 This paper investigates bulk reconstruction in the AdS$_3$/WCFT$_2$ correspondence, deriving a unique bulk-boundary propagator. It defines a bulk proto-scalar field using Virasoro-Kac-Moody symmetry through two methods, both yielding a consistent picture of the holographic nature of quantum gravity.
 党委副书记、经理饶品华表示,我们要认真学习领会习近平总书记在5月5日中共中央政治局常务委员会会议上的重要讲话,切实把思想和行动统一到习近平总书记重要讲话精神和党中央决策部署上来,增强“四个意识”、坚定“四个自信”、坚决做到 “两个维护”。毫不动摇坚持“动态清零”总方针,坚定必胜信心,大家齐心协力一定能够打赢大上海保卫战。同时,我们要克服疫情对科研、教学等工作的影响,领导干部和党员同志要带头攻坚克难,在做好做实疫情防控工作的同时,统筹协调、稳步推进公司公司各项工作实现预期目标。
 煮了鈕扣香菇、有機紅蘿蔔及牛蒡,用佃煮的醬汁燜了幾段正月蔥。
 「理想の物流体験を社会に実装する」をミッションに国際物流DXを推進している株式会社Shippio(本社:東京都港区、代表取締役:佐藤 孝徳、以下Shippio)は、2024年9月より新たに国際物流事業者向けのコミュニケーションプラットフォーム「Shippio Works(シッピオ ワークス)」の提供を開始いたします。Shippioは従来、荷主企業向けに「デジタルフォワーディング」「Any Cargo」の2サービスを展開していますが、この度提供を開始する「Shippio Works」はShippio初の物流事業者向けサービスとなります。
==
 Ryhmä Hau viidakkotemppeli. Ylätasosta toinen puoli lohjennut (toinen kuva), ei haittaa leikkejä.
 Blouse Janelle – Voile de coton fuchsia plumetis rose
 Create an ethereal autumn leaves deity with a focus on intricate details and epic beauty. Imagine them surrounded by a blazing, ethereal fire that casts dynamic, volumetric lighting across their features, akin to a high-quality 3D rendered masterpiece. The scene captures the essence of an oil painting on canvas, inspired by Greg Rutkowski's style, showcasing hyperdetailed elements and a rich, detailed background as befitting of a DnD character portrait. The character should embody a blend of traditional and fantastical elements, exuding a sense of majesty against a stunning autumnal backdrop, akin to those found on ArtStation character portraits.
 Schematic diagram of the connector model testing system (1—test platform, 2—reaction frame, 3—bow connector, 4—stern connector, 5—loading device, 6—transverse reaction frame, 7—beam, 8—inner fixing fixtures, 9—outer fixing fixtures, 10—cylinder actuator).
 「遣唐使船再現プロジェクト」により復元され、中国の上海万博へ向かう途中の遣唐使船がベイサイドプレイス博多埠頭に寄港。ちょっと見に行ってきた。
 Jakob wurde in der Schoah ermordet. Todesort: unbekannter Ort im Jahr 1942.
--
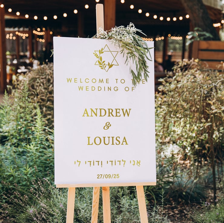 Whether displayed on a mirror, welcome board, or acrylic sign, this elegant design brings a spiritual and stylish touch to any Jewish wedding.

◆ About this exercise ◆
Using the listing above, return word for word each line from the one that has "This paper investigates" through the one that has "煮了鈕扣香菇、有機紅蘿蔔及牛蒡,用佃煮的醬汁燜了幾段正月蔥。", and no line outside that range.

◆ Response area ◆
 This paper investigates bulk reconstruction in the AdS$_3$/WCFT$_2$ correspondence, deriving a unique bulk-boundary propagator. It defines a bulk proto-scalar field using Virasoro-Kac-Moody symmetry through two methods, both yielding a consistent picture of the holographic nature of quantum gravity.
 党委副书记、经理饶品华表示,我们要认真学习领会习近平总书记在5月5日中共中央政治局常务委员会会议上的重要讲话,切实把思想和行动统一到习近平总书记重要讲话精神和党中央决策部署上来,增强“四个意识”、坚定“四个自信”、坚决做到 “两个维护”。毫不动摇坚持“动态清零”总方针,坚定必胜信心,大家齐心协力一定能够打赢大上海保卫战。同时,我们要克服疫情对科研、教学等工作的影响,领导干部和党员同志要带头攻坚克难,在做好做实疫情防控工作的同时,统筹协调、稳步推进公司公司各项工作实现预期目标。
 煮了鈕扣香菇、有機紅蘿蔔及牛蒡,用佃煮的醬汁燜了幾段正月蔥。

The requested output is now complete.